§ **TASK PROMPT**: With the pictures left out, write out exactly the lines of the listing below that run from the line with "The first ski" through the line with "PRE-OWNED HERMÈS KELLY".

§ **RECORDS SHOWN**:
══════════════════════════════

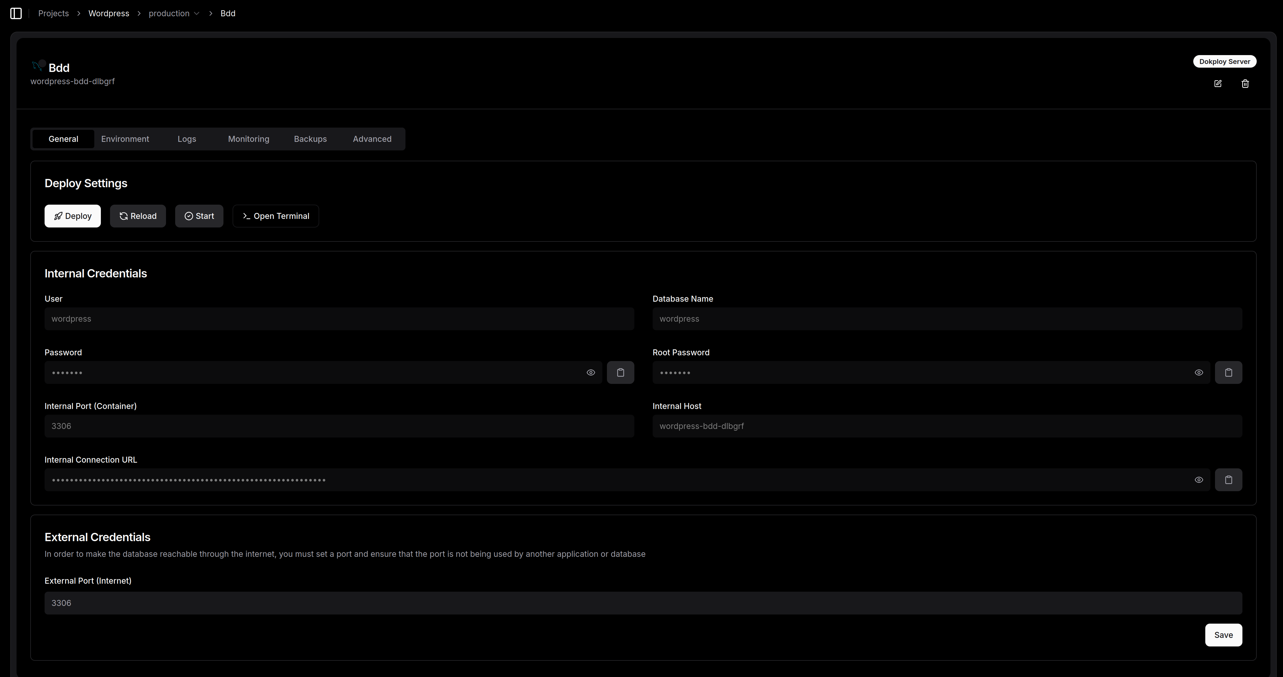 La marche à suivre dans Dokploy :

══════════════════════════════

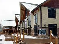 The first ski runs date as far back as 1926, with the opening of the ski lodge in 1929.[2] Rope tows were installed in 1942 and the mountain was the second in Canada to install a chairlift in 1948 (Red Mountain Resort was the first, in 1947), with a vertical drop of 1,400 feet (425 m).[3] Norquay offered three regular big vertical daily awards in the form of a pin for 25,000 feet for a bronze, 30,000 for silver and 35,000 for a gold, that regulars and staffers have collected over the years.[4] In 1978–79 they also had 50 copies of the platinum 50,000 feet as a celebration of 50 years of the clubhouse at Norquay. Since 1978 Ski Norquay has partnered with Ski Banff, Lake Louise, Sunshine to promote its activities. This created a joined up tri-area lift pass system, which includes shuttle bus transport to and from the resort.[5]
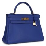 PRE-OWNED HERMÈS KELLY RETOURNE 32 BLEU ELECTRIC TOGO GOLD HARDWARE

══════════════════════════════

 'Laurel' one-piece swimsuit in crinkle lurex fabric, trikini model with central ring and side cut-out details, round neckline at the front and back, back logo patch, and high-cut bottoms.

══════════════════════════════

§ **ANSWER AREA**:
 The first ski runs date as far back as 1926, with the opening of the ski lodge in 1929.[2] Rope tows were installed in 1942 and the mountain was the second in Canada to install a chairlift in 1948 (Red Mountain Resort was the first, in 1947), with a vertical drop of 1,400 feet (425 m).[3] Norquay offered three regular big vertical daily awards in the form of a pin for 25,000 feet for a bronze, 30,000 for silver and 35,000 for a gold, that regulars and staffers have collected over the years.[4] In 1978–79 they also had 50 copies of the platinum 50,000 feet as a celebration of 50 years of the clubhouse at Norquay. Since 1978 Ski Norquay has partnered with Ski Banff, Lake Louise, Sunshine to promote its activities. This created a joined up tri-area lift pass system, which includes shuttle bus transport to and from the resort.[5]
 PRE-OWNED HERMÈS KELLY RETOURNE 32 BLEU ELECTRIC TOGO GOLD HARDWARE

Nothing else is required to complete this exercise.